▶ **TASK DESCRIPTION**: Filter the records below for the word "Gambar". Copy each line that holds it.

▶ **Stored records**:
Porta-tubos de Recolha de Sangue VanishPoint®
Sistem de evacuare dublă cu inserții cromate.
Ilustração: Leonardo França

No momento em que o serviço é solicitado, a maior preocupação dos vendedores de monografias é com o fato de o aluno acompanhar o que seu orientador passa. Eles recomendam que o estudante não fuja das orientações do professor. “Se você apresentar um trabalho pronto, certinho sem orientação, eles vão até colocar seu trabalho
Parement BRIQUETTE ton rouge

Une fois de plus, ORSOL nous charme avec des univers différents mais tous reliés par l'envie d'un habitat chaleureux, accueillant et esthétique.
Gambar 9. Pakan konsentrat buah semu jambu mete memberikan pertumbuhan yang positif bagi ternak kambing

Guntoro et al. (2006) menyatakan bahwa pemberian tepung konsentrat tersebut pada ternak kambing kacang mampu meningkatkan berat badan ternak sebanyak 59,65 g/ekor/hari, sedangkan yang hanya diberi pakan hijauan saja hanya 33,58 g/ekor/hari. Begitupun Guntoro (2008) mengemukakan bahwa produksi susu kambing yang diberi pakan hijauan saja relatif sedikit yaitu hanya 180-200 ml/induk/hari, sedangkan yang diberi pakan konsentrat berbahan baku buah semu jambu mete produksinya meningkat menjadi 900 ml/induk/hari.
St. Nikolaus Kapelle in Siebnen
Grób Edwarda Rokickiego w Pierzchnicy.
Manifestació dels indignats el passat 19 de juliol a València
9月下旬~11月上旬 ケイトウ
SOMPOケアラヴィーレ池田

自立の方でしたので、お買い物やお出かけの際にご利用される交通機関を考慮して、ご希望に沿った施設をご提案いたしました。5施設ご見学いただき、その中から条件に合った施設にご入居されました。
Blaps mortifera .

--

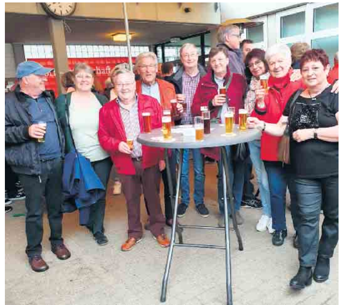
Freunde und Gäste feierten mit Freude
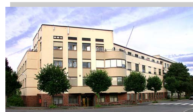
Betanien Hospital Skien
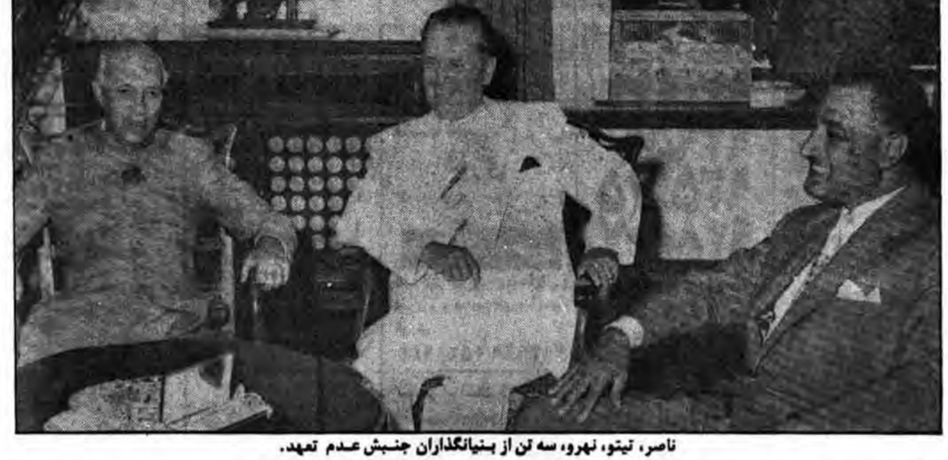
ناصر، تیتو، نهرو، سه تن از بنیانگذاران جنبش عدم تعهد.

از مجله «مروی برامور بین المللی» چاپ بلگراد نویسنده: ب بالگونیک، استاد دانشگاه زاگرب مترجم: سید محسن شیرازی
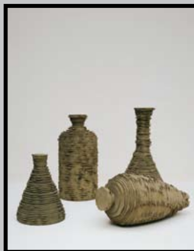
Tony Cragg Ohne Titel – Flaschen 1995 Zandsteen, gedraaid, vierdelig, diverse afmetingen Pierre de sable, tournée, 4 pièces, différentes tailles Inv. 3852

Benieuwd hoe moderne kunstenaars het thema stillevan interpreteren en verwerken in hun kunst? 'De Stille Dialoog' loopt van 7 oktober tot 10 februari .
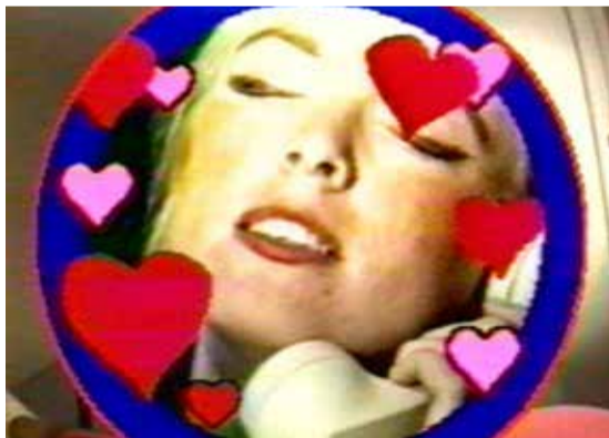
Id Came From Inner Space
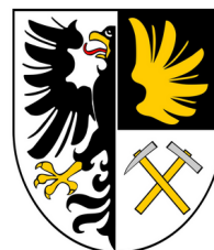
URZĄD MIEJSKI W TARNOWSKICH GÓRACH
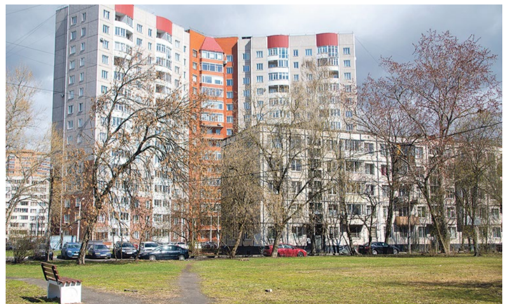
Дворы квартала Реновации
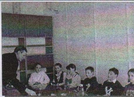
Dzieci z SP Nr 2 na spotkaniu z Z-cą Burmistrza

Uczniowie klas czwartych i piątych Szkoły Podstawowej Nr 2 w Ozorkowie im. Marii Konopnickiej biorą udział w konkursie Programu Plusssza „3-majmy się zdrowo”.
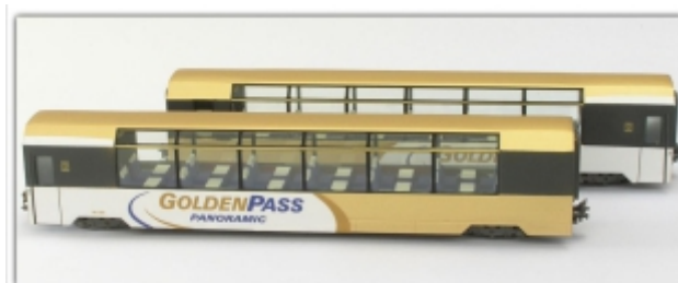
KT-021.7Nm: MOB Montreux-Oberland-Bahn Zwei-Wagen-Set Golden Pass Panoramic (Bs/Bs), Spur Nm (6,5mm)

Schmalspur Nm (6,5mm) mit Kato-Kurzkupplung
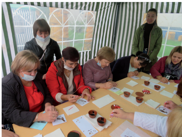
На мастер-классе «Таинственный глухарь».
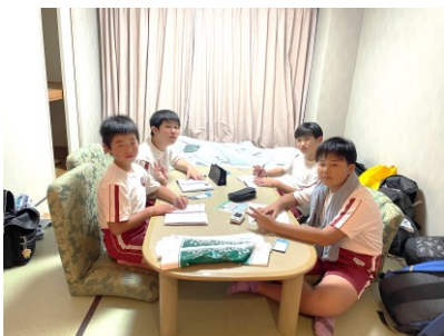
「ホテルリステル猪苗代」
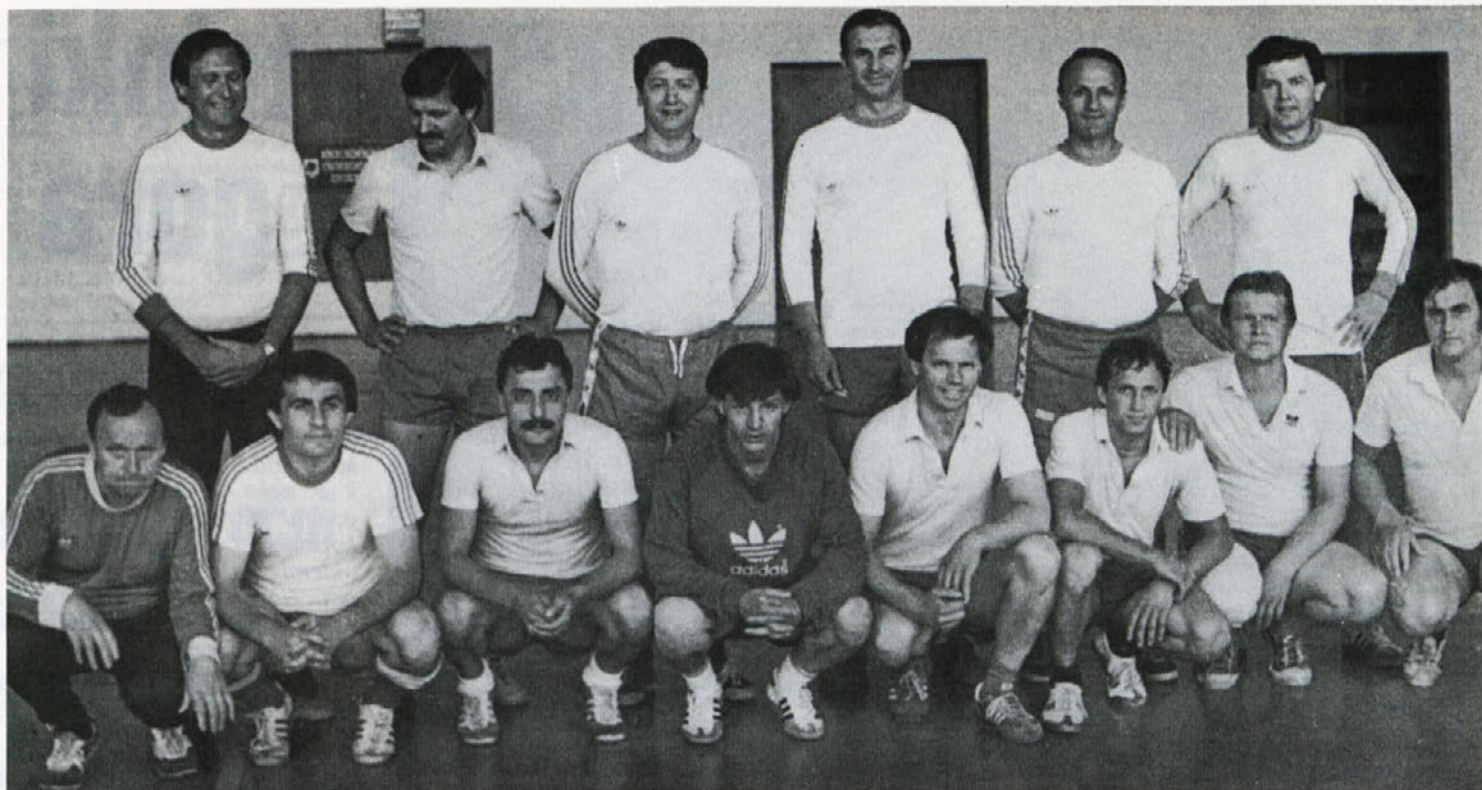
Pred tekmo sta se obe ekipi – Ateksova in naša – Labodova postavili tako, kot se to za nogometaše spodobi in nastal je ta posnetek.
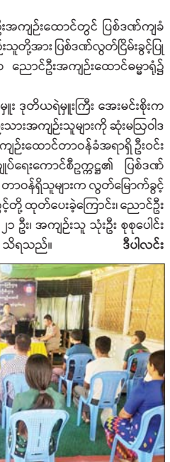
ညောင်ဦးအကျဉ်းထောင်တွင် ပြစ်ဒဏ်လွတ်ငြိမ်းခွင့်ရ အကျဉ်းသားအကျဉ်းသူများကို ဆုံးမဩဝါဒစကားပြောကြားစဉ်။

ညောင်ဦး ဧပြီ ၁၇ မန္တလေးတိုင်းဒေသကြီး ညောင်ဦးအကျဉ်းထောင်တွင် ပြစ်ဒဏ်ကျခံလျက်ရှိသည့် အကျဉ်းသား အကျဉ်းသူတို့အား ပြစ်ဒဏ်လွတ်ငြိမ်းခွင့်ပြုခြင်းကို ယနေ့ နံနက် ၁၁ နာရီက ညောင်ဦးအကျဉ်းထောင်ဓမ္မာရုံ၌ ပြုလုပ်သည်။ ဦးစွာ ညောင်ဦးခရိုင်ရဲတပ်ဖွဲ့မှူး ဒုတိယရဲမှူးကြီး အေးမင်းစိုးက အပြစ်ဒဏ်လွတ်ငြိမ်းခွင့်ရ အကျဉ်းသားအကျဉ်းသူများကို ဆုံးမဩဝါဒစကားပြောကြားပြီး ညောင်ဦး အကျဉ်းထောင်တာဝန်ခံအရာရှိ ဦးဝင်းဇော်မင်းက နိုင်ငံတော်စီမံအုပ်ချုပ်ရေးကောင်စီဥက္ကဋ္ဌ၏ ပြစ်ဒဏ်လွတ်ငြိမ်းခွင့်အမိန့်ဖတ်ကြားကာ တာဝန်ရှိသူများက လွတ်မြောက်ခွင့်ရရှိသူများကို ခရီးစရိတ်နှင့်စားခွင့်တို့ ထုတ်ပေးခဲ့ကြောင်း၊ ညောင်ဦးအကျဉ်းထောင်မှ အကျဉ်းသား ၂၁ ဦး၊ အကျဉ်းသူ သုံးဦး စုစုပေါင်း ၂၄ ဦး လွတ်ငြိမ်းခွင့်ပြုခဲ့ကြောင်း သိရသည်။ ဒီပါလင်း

--

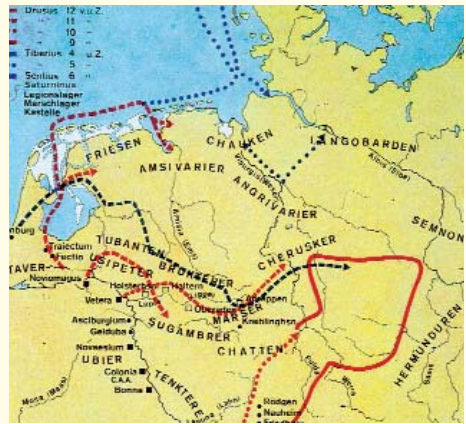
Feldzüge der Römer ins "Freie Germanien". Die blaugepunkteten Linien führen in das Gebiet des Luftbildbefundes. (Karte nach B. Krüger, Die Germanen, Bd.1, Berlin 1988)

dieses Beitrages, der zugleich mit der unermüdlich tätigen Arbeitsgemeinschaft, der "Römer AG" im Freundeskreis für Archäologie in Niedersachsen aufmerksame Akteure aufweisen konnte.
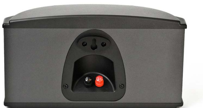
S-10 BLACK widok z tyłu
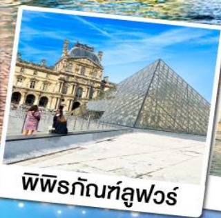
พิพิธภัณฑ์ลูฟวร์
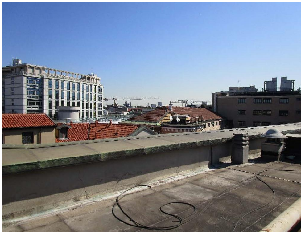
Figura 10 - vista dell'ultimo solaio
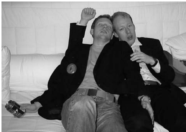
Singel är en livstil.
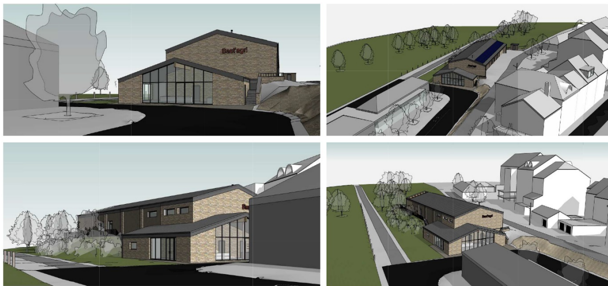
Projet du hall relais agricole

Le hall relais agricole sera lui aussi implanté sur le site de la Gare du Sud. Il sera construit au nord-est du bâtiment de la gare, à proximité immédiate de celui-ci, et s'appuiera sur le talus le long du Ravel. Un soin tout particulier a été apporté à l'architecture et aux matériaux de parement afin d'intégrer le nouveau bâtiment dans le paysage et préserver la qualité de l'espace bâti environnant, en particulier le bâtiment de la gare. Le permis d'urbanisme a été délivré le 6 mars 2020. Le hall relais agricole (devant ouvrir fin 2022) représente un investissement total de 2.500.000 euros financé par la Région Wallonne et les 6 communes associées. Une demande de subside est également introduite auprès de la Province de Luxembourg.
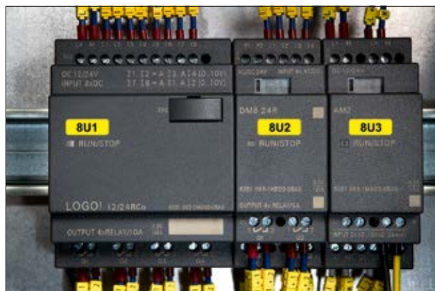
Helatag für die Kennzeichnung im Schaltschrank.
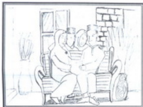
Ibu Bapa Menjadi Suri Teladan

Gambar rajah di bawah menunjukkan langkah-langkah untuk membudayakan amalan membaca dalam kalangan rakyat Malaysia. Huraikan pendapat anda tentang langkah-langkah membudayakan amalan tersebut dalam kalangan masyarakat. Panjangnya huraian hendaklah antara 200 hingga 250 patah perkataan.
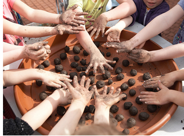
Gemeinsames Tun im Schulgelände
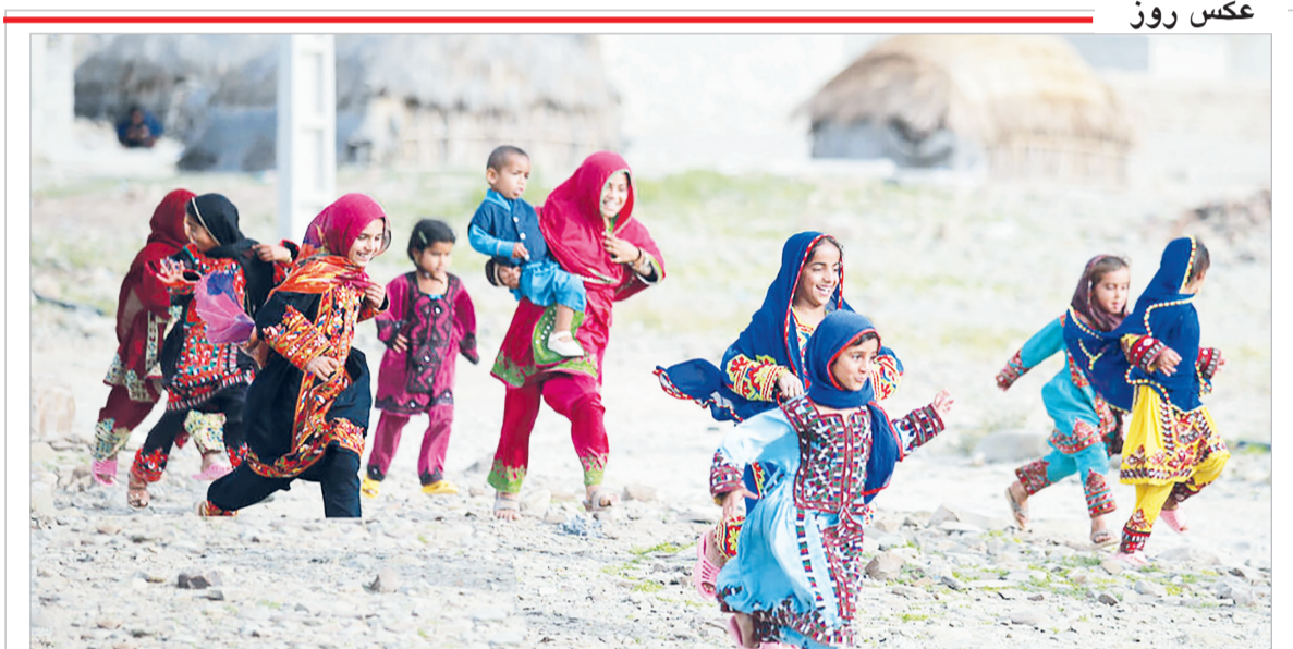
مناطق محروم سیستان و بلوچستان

▶ **ANSWER BOX**:
Gambar 9. Pakan konsentrat buah semu jambu mete memberikan pertumbuhan yang positif bagi ternak kambing
Gambar rajah di bawah menunjukkan langkah-langkah untuk membudayakan amalan membaca dalam kalangan rakyat Malaysia. Huraikan pendapat anda tentang langkah-langkah membudayakan amalan tersebut dalam kalangan masyarakat. Panjangnya huraian hendaklah antara 200 hingga 250 patah perkataan.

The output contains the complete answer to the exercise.